The couple spend holidays together when he is in the country - recently they managed six weeks while he was on sabbatical. His family know, and without saying anything, have implicitly accepted the relationship. Some of her friends know.

"If the Church knew about our relationship they would drop dead, he's a very traditional sort of Catholic and his feelings for me came as a complete surprise to him. We didn't want to rock the boat - we couldn't see the point.

But I would like to speak out because I recognise the rights of women in the Church and I think the all-male hierarchy is very anti-women, but I can't, I would destroy something very special with my friend, and it would put him in an impossible position."

In the wake of the revelations his week about Bishop Wright's resignation and 15-year-old son, a string of women have come forward to describe their relationships with priests. Few are as happy as that of Carol. The experience of betrayal and false promises so movingly recounted by Joanna Whibley is not a one-off.

"There's an enormous difference between those women in an adult, equal relationship and those in an abusive power relationship,"said Ms Lala Winkley of the Catholic Women's Network, who knows of at least 10 women in relationships with priests. "These men behave quite despicably. They go over the line in comforting women and the women then get doubly hurt. The priest makes promises about leaving the priesthood, and the women live in hope year after year. They are usually dumped in the end.

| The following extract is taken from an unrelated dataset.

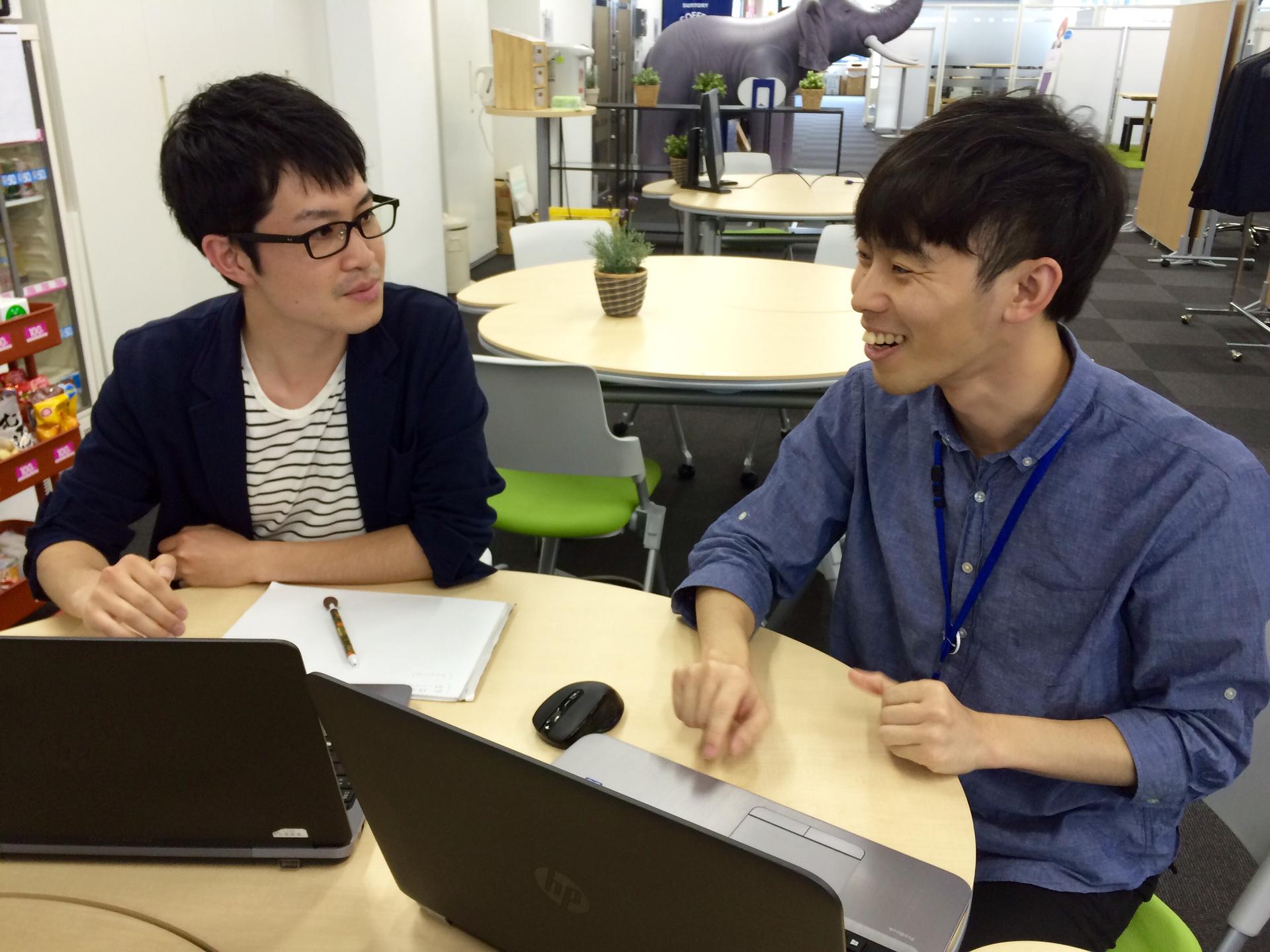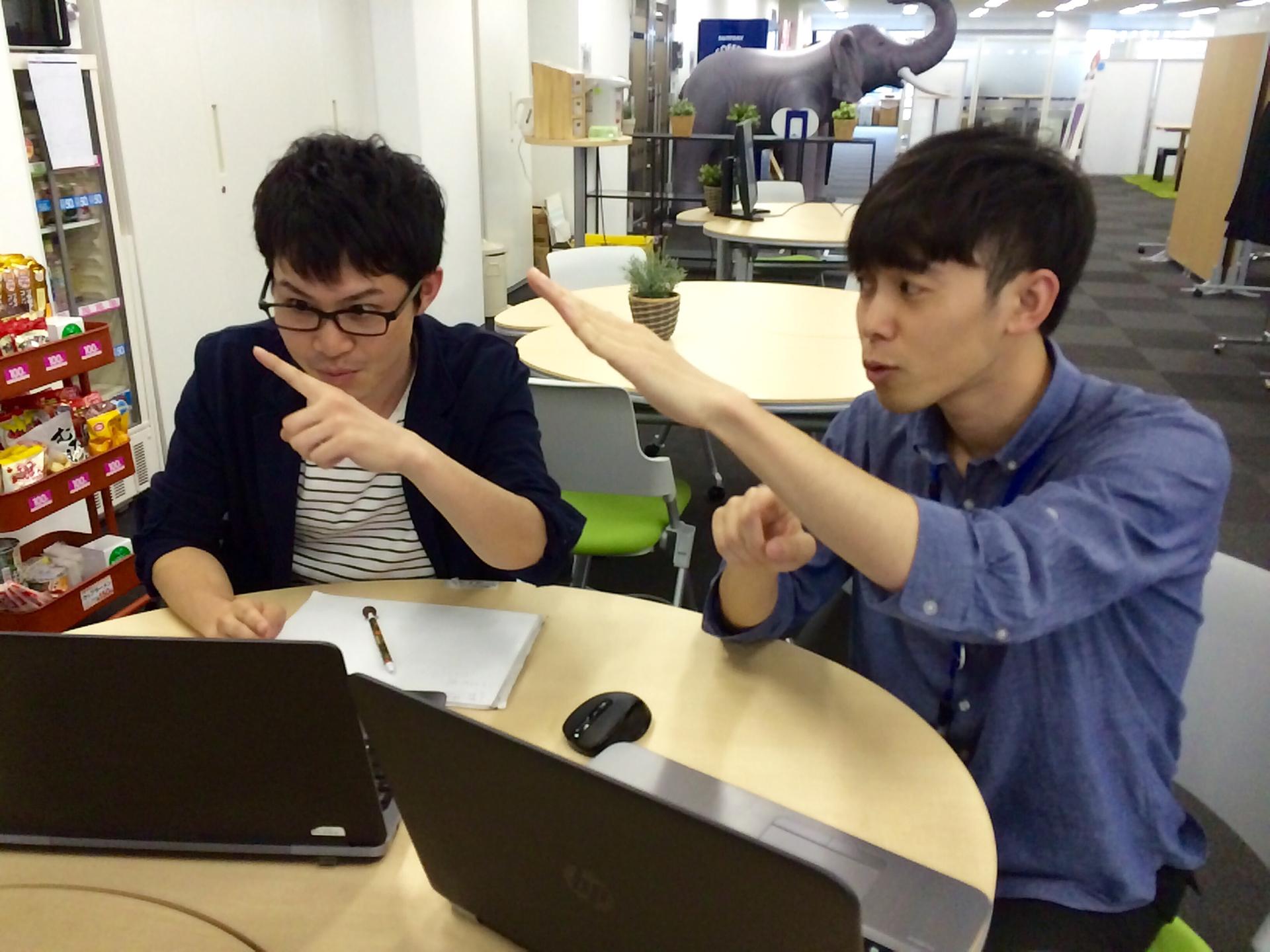 隣で別の打ち合わせをしていた男性社員2名を発見。

It is the alleged connivance of the hierarchy in this emotional abuse and irresponsibility towards the women and children which infuriates Seven Eleven, a support group for women having relationships with Catholic priests. When affairs are discovered by the hierarchy, priests are often moved to another parish, forcibly separating the couple, and in the new parish he goes on to develop a new relationship.

"There are hundreds of women who are in relationships with priests," says Anne Edwards (her name has been changed) who is herself in an "on-off relationship" with a priest, and who set up Seven Eleven in 1993.

"I have spoken to many women, and some have horrendous stories to tell. I only know of one woman who was well supported by her diocese when the relationship became known. In the vast majority of cases the reaction has been negative and cruel - some women have been ridiculed when they went to their bishops for help."

Many of the relationships of which Ms Edwards gets to hear are "abusive", where the priest is taking advantage of his role as a counsellor and of the vulnerability of the women, who are often seeking help because of a personal crisis.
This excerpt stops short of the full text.